The image of this smiling, arms-raised young woman is more than a century old. She is Evelyn Nesbit, arguably one of the first mass media sex symbols and the template for all the pathetic, tawdry scandals that followed in her wake. She was featured both in E.L. Doctorow's Ragtime, the movie in which Elizabeth McGovern won an Oscar nomination portraying her, and the popular musical of the same name. And she was one of my early fascinations.

In the waning months of 2009 there've been the deaths of beautiful women who've died before the generally accepted actuarial eventuality. This has occurred to me personally, and generally.

I offer to you the words of Richmond novelist James Branch Cabell from his 1909 novel The Cords of Vanity: A Comedy of Shirking. These concern the death of a pretty and vivacious young woman.

"You see the world had advanced since Stella died, -- twice around the sun, from solstice to solstice, traveling through I forget how many millions of miles; and there had been wars and scandals and a host of débutantes and any number of dinners; and, after all, the world is for the living.

So we of Lichfield agreed unanimously that it was very sad, and spoke of her for a while, punctiliously, as 'poor dear Stella'": and the next week Emily Van Orden ran away with Tam Whately; and a few days later Alicia Wade's husband died, and we debated whether Teddy Anstruther would do the proper thng or sensibly marry Cecilia Reindun: and so, a little by little, we forgot our poor, dear Stella in precisely the decorous graduations of regret with which our poor dead Stella would have forgotten any one of us.

Yes, even those who loved her most deeply have forgotten Stella. They remember only an imaginary being who was entirely perfect, and of whom they were not worthy. It is this fictitious woman who has usurped the real Stella's place in the heart of the real Stella's own mother, and whom Lizzie de' Arlanges believes once to have been her sister, and over whom Peter Blagden is always ready to grow maudlin; and it is this immaculate woman -- who never existed, -- that will be until the end of Avis' matrimonial existence the standard by which Avis is measured and found wanting. And thus again, the whirligig of time, by an odd turn, brings its revenges...."

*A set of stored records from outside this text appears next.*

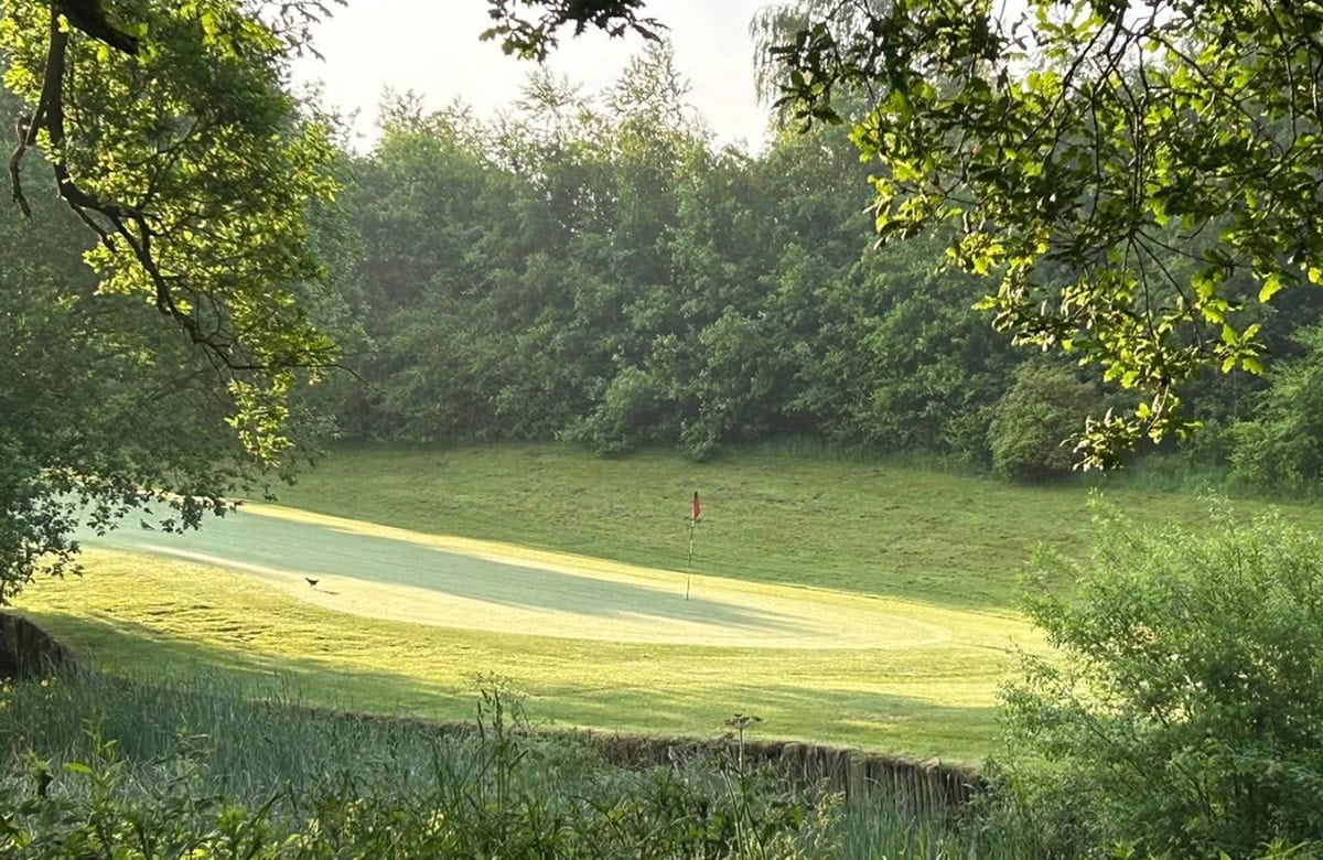 The downhill approach to the green, with a pond on its left, can either be played with a full shot to the pin or a pitch and run down to the long, narrow, level putting surface. Heavy rough is situated down the right of the green.
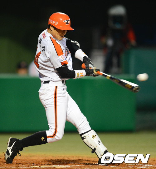 13일 오후 대전 한밭야구장에서 열린 '2012 팔도 프로야구' 한화 이글스와 롯데 자이언츠의 경기, 7회말 1사 만루 한화 이대수가 1타점 적시타를 치고 있다.
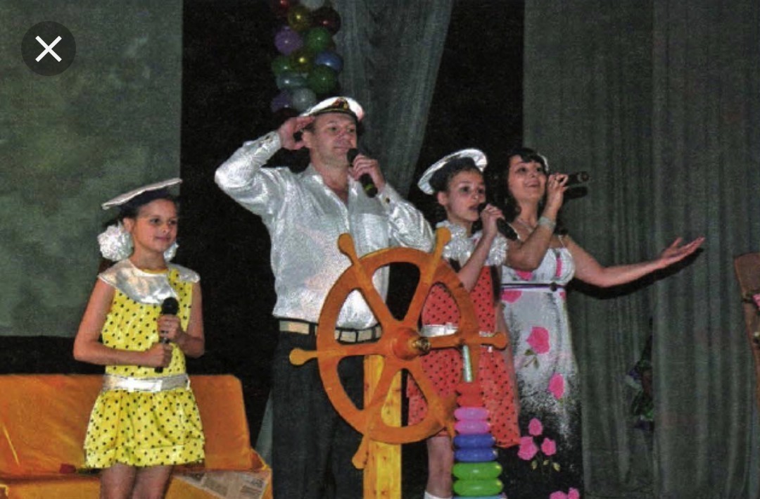 Перед нами сюжетный снимок, посвящённый теме "Семья". Фотограф выбрал момент, когда одна из семей выступает на сцене, участвуя в конкурсе "Мама, папа, я - счастливая семья" или в чём-то подобном. Об этом свидетельствует задний план фотографии: театральные занавеси, кулисы. Семья, состоящая из папы, мамы, дочки и сына, на конкурсе представляет экипаж яхты, где каждый ответствен за общее дело. Об этом свидетельствуют бескозырки и капитанская фуражка, выбранные в качестве элементов костюма, а одеты участники в яркие платья, белые рубашки и сттрогие брюки. Папа - капитан, глава семьи, осуществляющий общее руководство экипажем. Мама - лоцман, от которого зависит курс судна. Дети - юнги, помощники во всех начинаниях. Если так устроена семья, судно не потерпит крушения, не сядет на мель. У всех членов семьи в руках микрофоны - всё же это зрелищное действо. Мама и сын исполняют песню, а папа отдаёт нужные команды - в руках у него штурвал, символ руководства процессом. Дочь - верный помощник, никогда не подведёт. Так, символически показана роль каждого участника семьи в жизненном море, и художник верно смог поймать интересный момент выступления, где это проявляется особенно ярко. Фотография оставляет приятные впечатления сплочённости семьи, радости и поддержки друг друга..
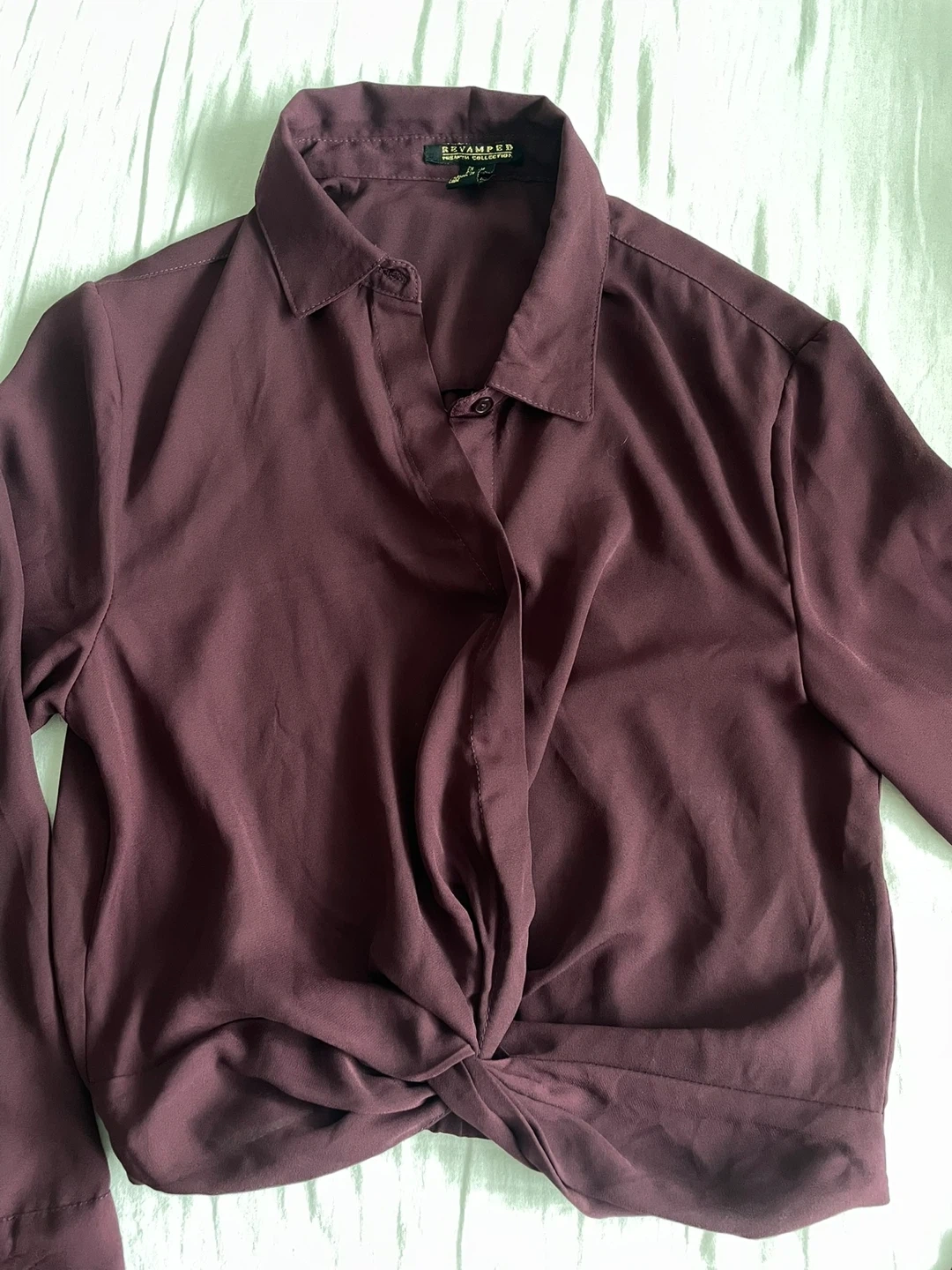 A stylish button-front top with a flattering knot detail at the waist. It features long sleeves with button cuffs.

..And I? Well, I was very fond of Stella. It would be good to have her back,-- to jeer at me, to make me feel red and uncomfortable and ridiculous, to say rude things about my waist, and indeed to fluster me just by being there. Yes, it would be good."

And, thus, the year ends and takes away those who were loved and whose memory, though piquant and near now, will in time fade. As will we all.

Who will remember us? What will they write? What will they make of us, a century on?